'''

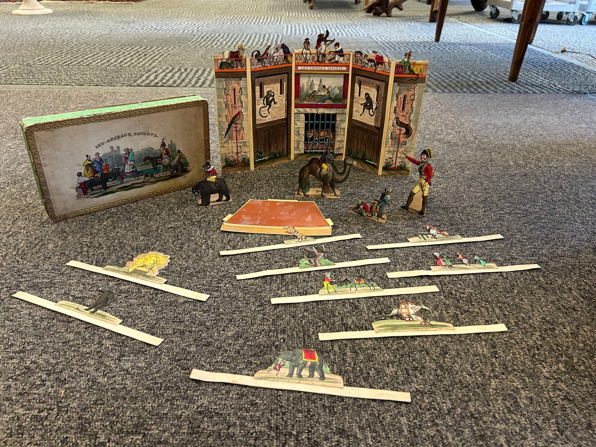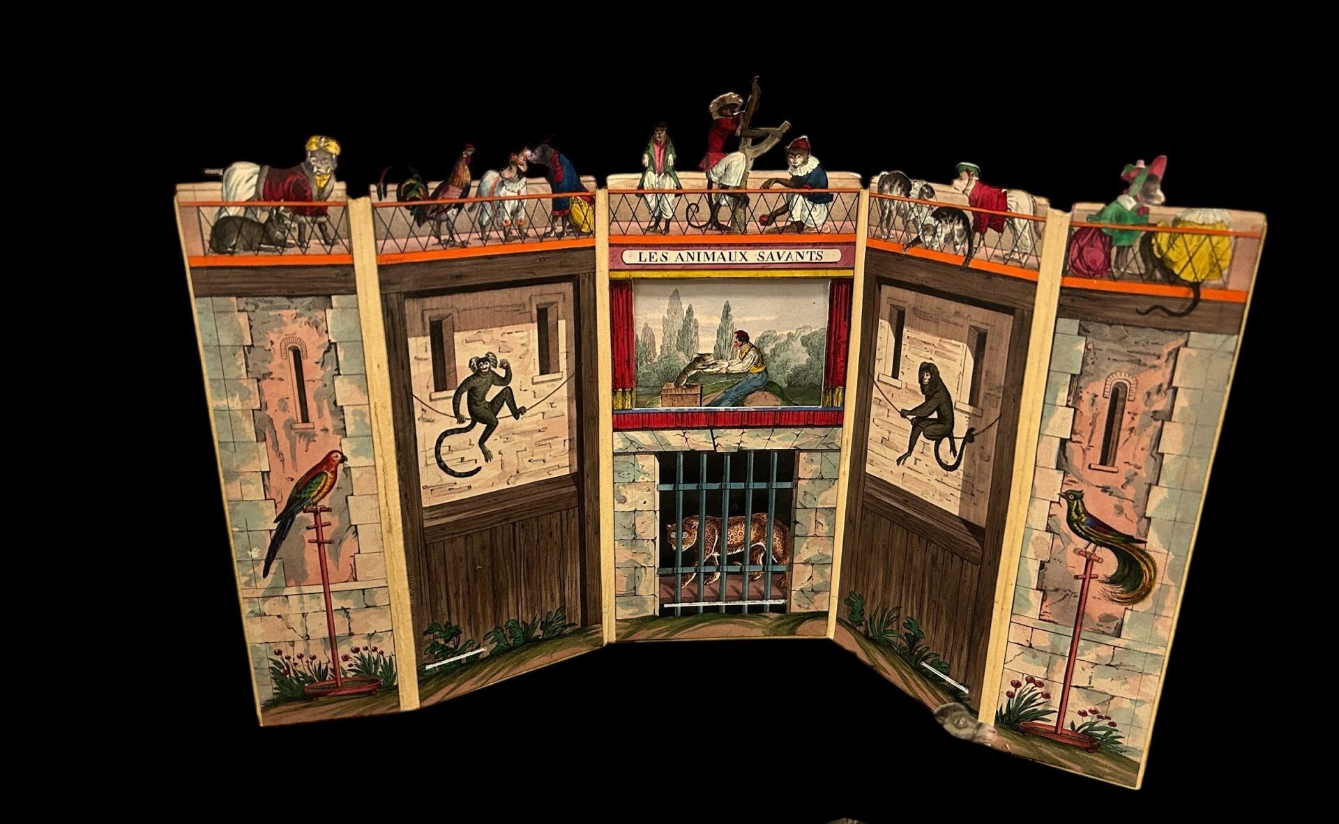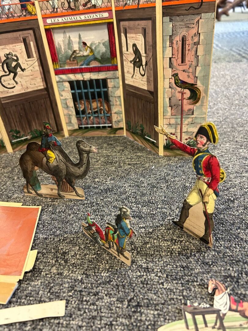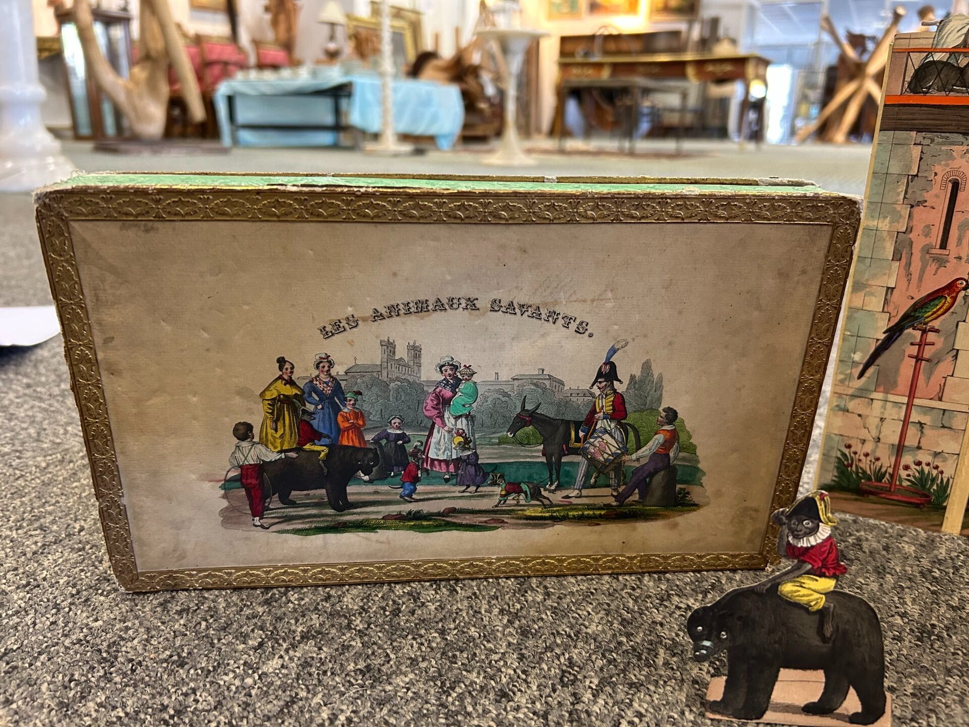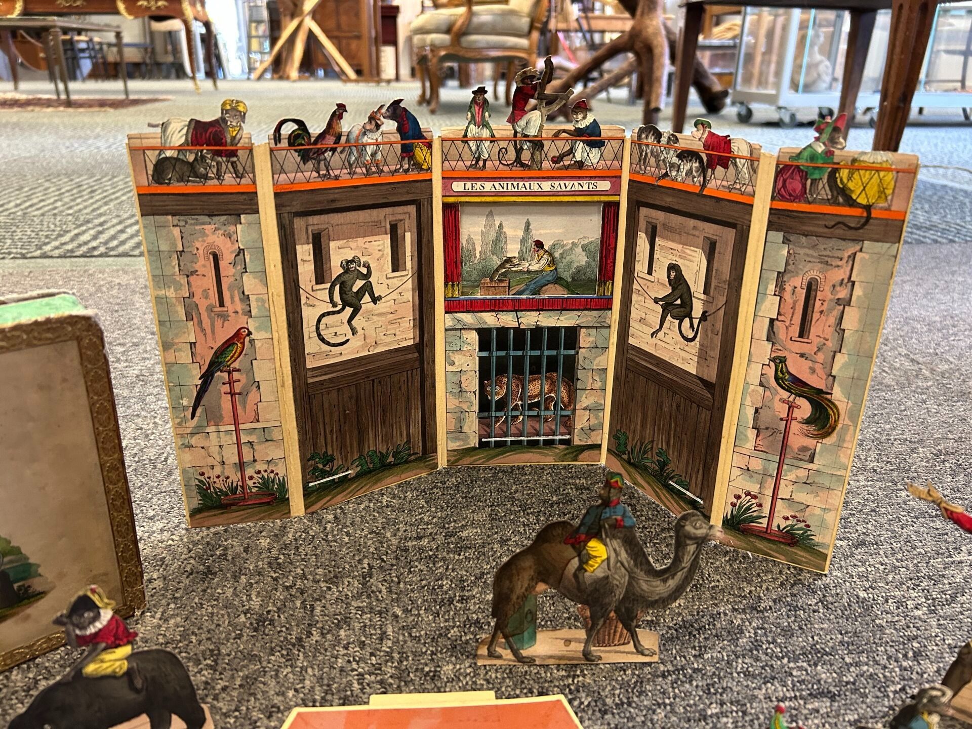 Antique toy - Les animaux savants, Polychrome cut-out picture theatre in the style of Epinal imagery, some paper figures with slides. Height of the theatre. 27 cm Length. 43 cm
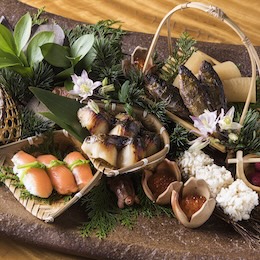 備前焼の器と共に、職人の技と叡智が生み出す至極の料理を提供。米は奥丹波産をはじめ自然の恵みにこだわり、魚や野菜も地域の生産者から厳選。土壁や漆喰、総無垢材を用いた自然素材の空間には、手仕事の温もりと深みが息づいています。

'''
'''

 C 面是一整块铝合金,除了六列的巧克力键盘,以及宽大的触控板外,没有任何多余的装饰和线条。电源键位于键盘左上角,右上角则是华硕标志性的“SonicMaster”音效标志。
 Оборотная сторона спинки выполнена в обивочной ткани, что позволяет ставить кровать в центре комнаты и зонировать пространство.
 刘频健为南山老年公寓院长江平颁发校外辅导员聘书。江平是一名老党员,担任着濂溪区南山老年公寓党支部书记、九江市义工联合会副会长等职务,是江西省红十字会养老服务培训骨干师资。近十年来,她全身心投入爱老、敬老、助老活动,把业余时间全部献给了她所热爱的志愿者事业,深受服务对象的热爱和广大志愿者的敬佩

'''

> [Activity]: Using the data above, reproduce exactly the lines between those holding "C 面是一整块铝合金,除了六" and "刘频健为南山老年公寓院长江平", inclusive, and no others.

> [Answer to the exercise]:
 C 面是一整块铝合金,除了六列的巧克力键盘,以及宽大的触控板外,没有任何多余的装饰和线条。电源键位于键盘左上角,右上角则是华硕标志性的“SonicMaster”音效标志。
 Оборотная сторона спинки выполнена в обивочной ткани, что позволяет ставить кровать в центре комнаты и зонировать пространство.
 刘频健为南山老年公寓院长江平颁发校外辅导员聘书。江平是一名老党员,担任着濂溪区南山老年公寓党支部书记、九江市义工联合会副会长等职务,是江西省红十字会养老服务培训骨干师资。近十年来,她全身心投入爱老、敬老、助老活动,把业余时间全部献给了她所热爱的志愿者事业,深受服务对象的热爱和广大志愿者的敬佩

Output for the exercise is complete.